Whatever you're comfortable with, I guess.

You could also spin off this class in it's own thread inside one of your
classloaders. That way it would shutdown and start up with the server
(or maybe that's a drawback...) and you wouldn't have to add the
overhead of another VM.


In fact, it *is* a thread. It starts and stops with the server. Everything was really beautiful until I had to split my app in four contexts.

What I dislike is having to go out of the app to do app-internal calls. RMI, socket, CORBA, HTTP, ... I don't mind: I just dislike the idea.

- Extract the component into another context, and connect to it via HTTP.



yuck.


This isn't for locking or something is it?


Nope. ;-)

I get the feeling you're
trying to use a class for storing or accessing something the way most
people use a database...


I do have a database. Databases are supposed to store data, aren't they? ;-)

Now seriously... My application includes a web interface to a "kind of" workflow system.

This component is the "workflow engine", which is in charge for automatic (background) state changes and actions. When my business/persistence logic changes a state, new potential tasks for this "engine" arise. So it has to be notified (=called) from any context that may change a state.

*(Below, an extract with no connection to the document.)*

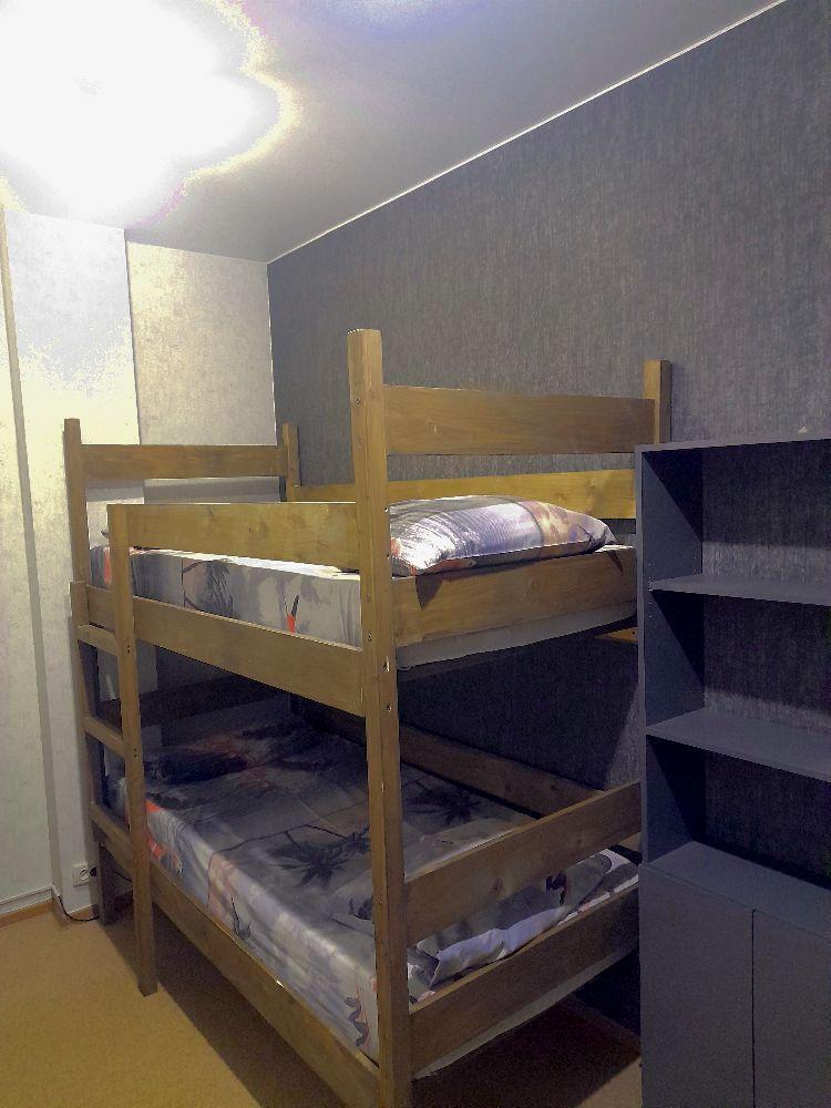 Номер рассчитан на двоих. В номере двухъярусная кровать, стол,стул.

On Sun, 2003-06-15 at 08:21, Antonio Fiol Bonnín wrote:


Hello,

This question is probably not specific to Tomcat, but a Tomcat-specific answer could well suit my needs.

I have an application which I have split in several different contexts. I have done so, to allow different kinds of access to the app, depending on the web server the requests are coming from.

However, I need a common unique component that "ties" all the contexts together.

There must be a *single* instance of this component, otherwise inconsistencies or duplicate work might arise. OTOH, it must be accessible from all the contexts.

Calls to this component are very simple (calls to void methods) but moderately frequent.

I have thought of several possibilities:

- Extract the component into a separate JVM, and connect to it via socket.
- Extract the component into another context, and connect to it via HTTP.
--- I like none of those.

- Create the instance from the first context needing it, and making it available to all of them.
--- I like this best, but I have no idea of how to do that.